そして運命の土曜日、午後3時14分。斎藤が円周率に無限の可能性を見出し、設定した決行時刻。彼は深呼吸を繰り返し、心臓に「落ち着け、まだ爆発するな」と言い聞かせた。手には、まるで国家機密の書類のように、回覧板を固く握りしめている。
「よし」。
覚悟を決め、音を立てないよう、スパイ映画の主人公さながらにドアノブを回す。廊下へと続く光が、彼の顔を荘厳に照らし出した。隣の203号室まで、わずか三歩。人類にとっての月面着陸に等しい、偉大な三歩を踏み出そうとした、まさにその瞬間だった。

ガチャリ。

世界から、音が消えた。斎藤の思考が完全に停止する。あろうことか、目の前の203号室のドアが、内側から開いたのだ。
そこには、予想通り、あの女神が立っていた。手にはゴミ袋を持っている。
斎藤の脳内で、何百回と繰り返したシミュレーションのデータが、火花を散らしてショートした。「相手から出てくる」という、あまりにも初歩的で、あまりにも致命的なパターンが、彼の計画には含まれていなかったのだ。

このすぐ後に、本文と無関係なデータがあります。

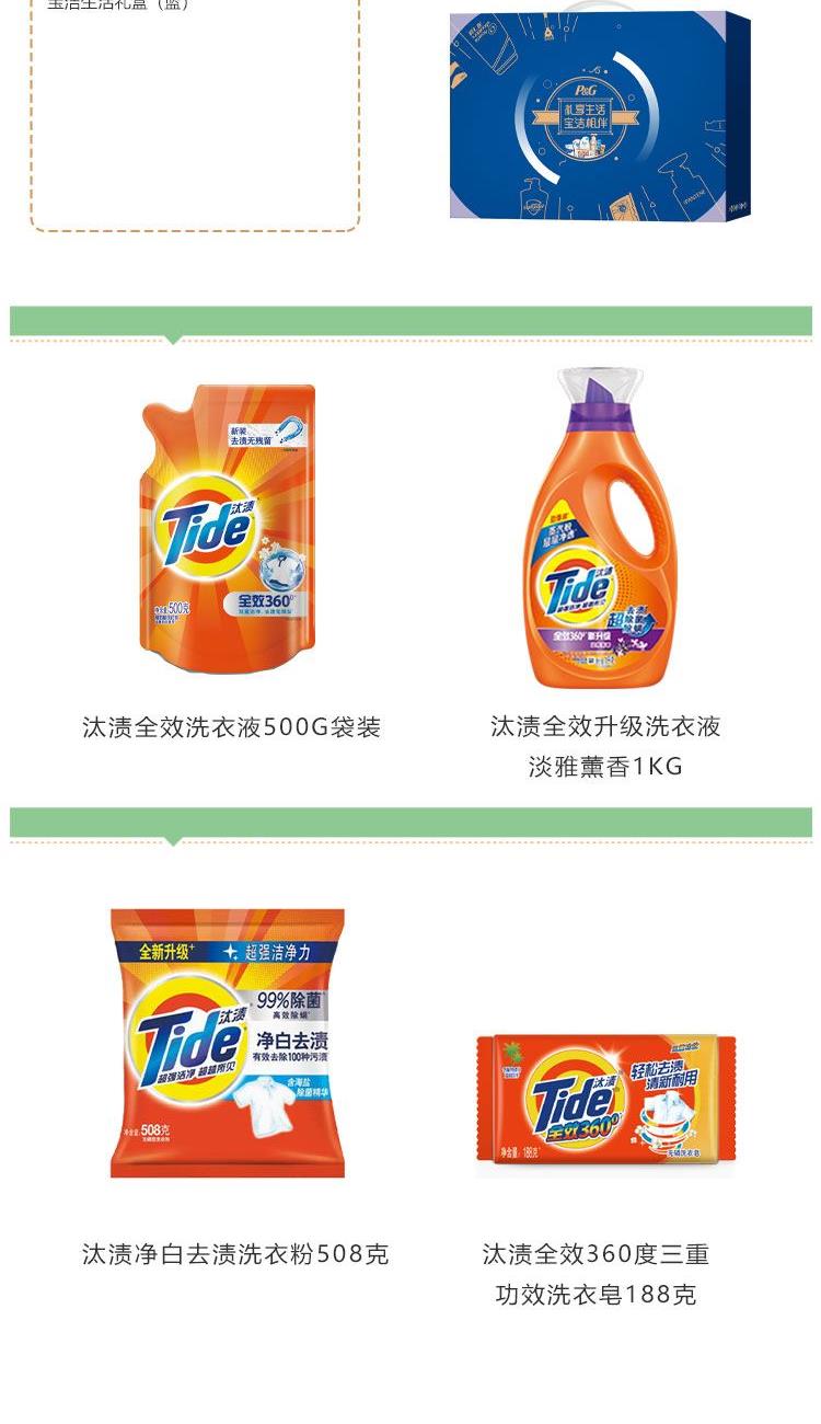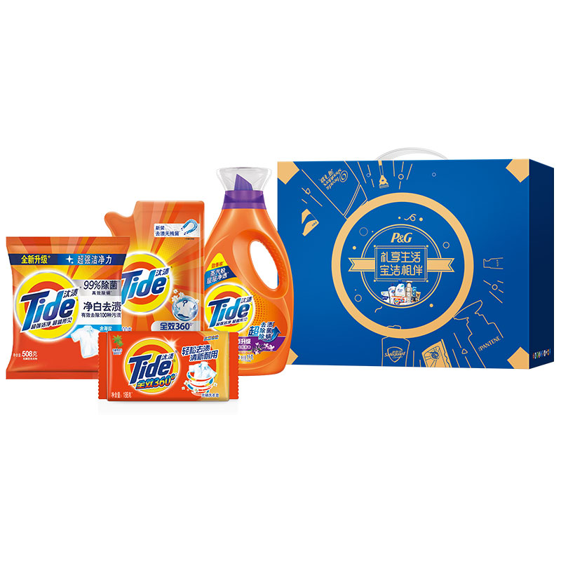汰渍全效升级洗衣液淡雅薰香1KG 汰渍全效洗衣液500G袋装 汰渍净白去渍洗衣粉508克 汰渍全效360度三重功效洗衣皂188克 宝洁生活礼盒(蓝)

女神――高橋と名乗るであろう彼女――は、目の前に仁王立ちする斎藤を見て、少しだけ目を丸くした。
どうする?どうすればいい?挨拶か?会釈か?逃げるか?斎藤の頭の中を、あらゆる選択肢が猛スピードで駆け巡り、そして衝突し、最終的に彼が導き出した答えは、そのどれでもなかった。

彼は、スッと背筋を伸ばし、美しいほどの「気をつけ」の姿勢を取った。そして、胸に抱えていた回覧板を両手で持ち、静かに、厳かに、まるで神聖な儀式を執り行う神官のように、水平に前方へと滑らせたのだ。

ヒュルルル……。

斎藤の手を離れた回覧板は、まるで最新鋭のドローンのように、無音で滑空した。それは美しい放物線を描き、高橋さんの足元に、ストン、と完璧に着地した。
静寂。蝉の声だけが、やけに大きく聞こえる。
高橋さんは、自分の足元にある回覧板と、彫像のように固まった斎藤の顔を、二、三度、不思議そうに往復させた。
終わった。俺の社会的な生命は、今、この廊下で完全に終わった。斎藤は、魂が口から抜け出ていくのを感じていた。

だが、その時だった。高橋さんが、くすりと小さく笑ったのだ。
彼女はゆっくりと屈んで回覧板を拾い上げると、悪戯っぽい笑みを浮かべて言った。
「あの…もしかして、これが今流行りの『非接触型回覧板デリバリー』ってやつですか?なんだか…すごくアーティスティックですね」
「え?」
斎藤の口から、間抜けな声が漏れた。
「私、高橋です。こんなに独創的なご挨拶、生まれて初めてです。もしかして、お仕事、デザイナーか何かですか?」
彼女は、斎藤の理解不能な奇行を、何か最先端の表現方法だと勘違いしたらしい。その目は、尊敬と好奇心でキラキラと輝いている。
「い、いえ、あの、ただの事務職で…」
しどろもどろに答える斎藤に、彼女は「ご謙遜を」と微笑んだ。
「これからよろしくお願いしますね、ミステリアスなお隣さん」

こうして、極度の心配性が引き起こした前代未聞の奇行は、本人の意図とは180度違う形で、最高の第一印象を演出してしまった。
斎藤誠の心配の種は、一つ解決するどころか、「ミステリアスな芸術家(という誤解)」を維持しなければならないという、遥かに巨大で厄介なものへと進化を遂げた。彼の戦いは、まだ始まったばかりである。